**TASK GOAL**. No pictures go into the copy. Write out every line below exactly.

Extracted records:
········
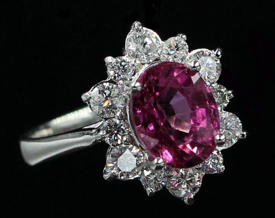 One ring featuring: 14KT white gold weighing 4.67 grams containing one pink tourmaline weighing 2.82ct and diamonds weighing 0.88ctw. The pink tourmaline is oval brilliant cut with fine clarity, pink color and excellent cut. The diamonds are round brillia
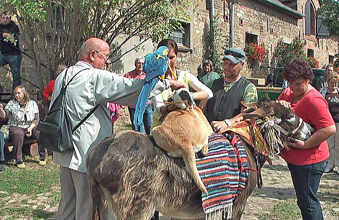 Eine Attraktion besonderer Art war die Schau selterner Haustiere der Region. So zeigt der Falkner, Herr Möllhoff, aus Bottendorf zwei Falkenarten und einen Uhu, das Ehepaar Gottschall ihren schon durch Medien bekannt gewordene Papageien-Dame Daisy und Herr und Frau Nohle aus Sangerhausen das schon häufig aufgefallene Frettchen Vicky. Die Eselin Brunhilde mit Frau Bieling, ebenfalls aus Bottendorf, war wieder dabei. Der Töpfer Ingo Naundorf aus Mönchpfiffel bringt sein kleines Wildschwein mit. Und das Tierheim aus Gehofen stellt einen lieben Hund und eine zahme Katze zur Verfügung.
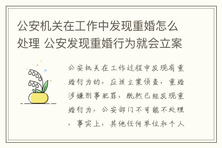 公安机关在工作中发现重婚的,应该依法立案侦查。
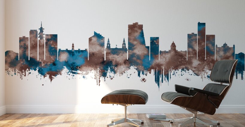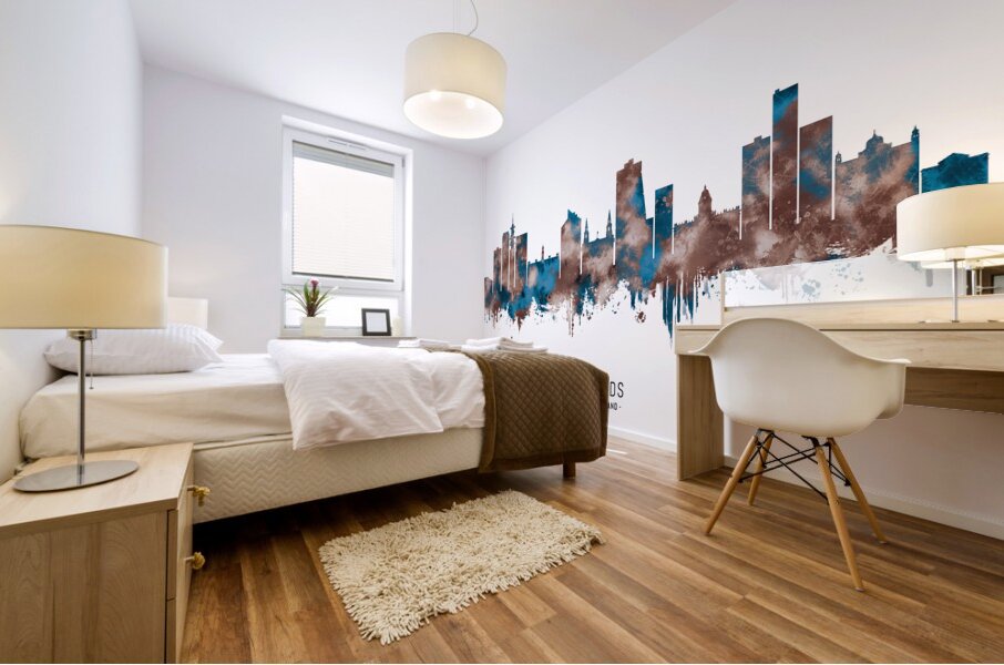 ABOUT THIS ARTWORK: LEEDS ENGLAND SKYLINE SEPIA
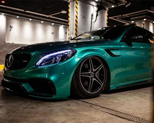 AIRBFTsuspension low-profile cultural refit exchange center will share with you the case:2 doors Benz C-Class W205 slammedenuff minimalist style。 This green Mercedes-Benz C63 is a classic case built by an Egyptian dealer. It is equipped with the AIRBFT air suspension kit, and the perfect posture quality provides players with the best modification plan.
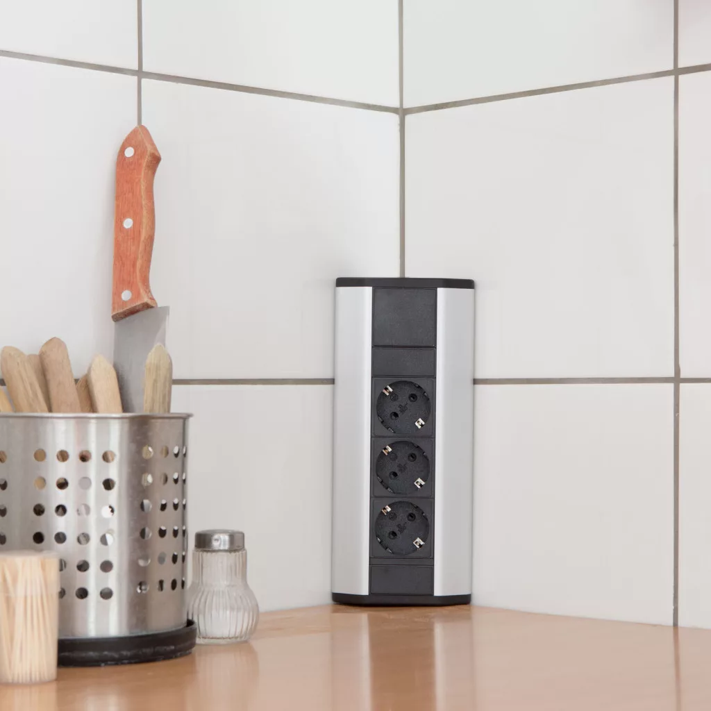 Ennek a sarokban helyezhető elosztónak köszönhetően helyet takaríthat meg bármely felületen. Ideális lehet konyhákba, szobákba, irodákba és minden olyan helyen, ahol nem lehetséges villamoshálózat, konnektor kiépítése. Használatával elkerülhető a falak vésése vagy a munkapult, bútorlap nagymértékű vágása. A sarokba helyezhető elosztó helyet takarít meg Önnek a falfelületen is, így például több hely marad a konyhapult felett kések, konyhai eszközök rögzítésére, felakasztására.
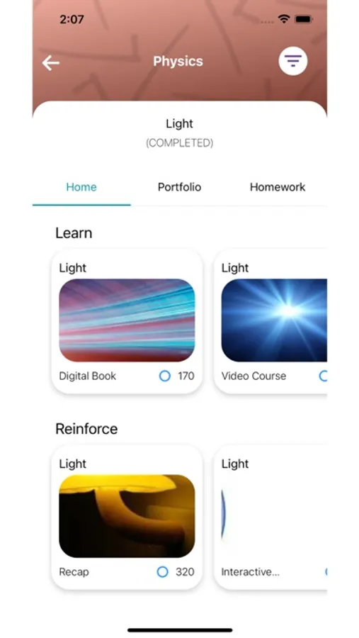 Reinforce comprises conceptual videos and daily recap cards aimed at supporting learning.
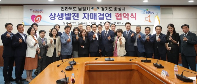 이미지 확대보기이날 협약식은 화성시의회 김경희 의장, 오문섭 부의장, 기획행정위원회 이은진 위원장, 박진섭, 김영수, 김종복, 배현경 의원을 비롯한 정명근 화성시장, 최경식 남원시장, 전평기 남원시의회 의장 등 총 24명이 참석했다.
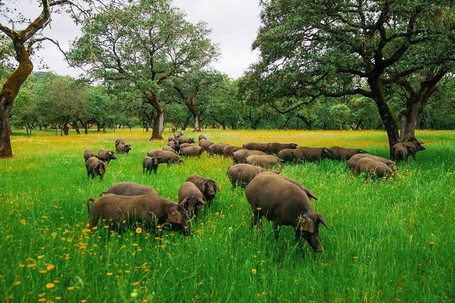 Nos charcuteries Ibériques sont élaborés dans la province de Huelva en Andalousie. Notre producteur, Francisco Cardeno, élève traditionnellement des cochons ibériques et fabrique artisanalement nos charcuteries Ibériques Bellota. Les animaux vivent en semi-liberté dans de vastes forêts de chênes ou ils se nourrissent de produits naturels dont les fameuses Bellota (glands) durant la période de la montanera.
········
**RESULT**.
 One ring featuring: 14KT white gold weighing 4.67 grams containing one pink tourmaline weighing 2.82ct and diamonds weighing 0.88ctw. The pink tourmaline is oval brilliant cut with fine clarity, pink color and excellent cut. The diamonds are round brillia
 Eine Attraktion besonderer Art war die Schau selterner Haustiere der Region. So zeigt der Falkner, Herr Möllhoff, aus Bottendorf zwei Falkenarten und einen Uhu, das Ehepaar Gottschall ihren schon durch Medien bekannt gewordene Papageien-Dame Daisy und Herr und Frau Nohle aus Sangerhausen das schon häufig aufgefallene Frettchen Vicky. Die Eselin Brunhilde mit Frau Bieling, ebenfalls aus Bottendorf, war wieder dabei. Der Töpfer Ingo Naundorf aus Mönchpfiffel bringt sein kleines Wildschwein mit. Und das Tierheim aus Gehofen stellt einen lieben Hund und eine zahme Katze zur Verfügung.
 公安机关在工作中发现重婚的,应该依法立案侦查。
 ABOUT THIS ARTWORK: LEEDS ENGLAND SKYLINE SEPIA
 AIRBFTsuspension low-profile cultural refit exchange center will share with you the case:2 doors Benz C-Class W205 slammedenuff minimalist style。 This green Mercedes-Benz C63 is a classic case built by an Egyptian dealer. It is equipped with the AIRBFT air suspension kit, and the perfect posture quality provides players with the best modification plan.
 Ennek a sarokban helyezhető elosztónak köszönhetően helyet takaríthat meg bármely felületen. Ideális lehet konyhákba, szobákba, irodákba és minden olyan helyen, ahol nem lehetséges villamoshálózat, konnektor kiépítése. Használatával elkerülhető a falak vésése vagy a munkapult, bútorlap nagymértékű vágása. A sarokba helyezhető elosztó helyet takarít meg Önnek a falfelületen is, így például több hely marad a konyhapult felett kések, konyhai eszközök rögzítésére, felakasztására.
 Reinforce comprises conceptual videos and daily recap cards aimed at supporting learning.
 이미지 확대보기이날 협약식은 화성시의회 김경희 의장, 오문섭 부의장, 기획행정위원회 이은진 위원장, 박진섭, 김영수, 김종복, 배현경 의원을 비롯한 정명근 화성시장, 최경식 남원시장, 전평기 남원시의회 의장 등 총 24명이 참석했다.
 Nos charcuteries Ibériques sont élaborés dans la province de Huelva en Andalousie. Notre producteur, Francisco Cardeno, élève traditionnellement des cochons ibériques et fabrique artisanalement nos charcuteries Ibériques Bellota. Les animaux vivent en semi-liberté dans de vastes forêts de chênes ou ils se nourrissent de produits naturels dont les fameuses Bellota (glands) durant la période de la montanera.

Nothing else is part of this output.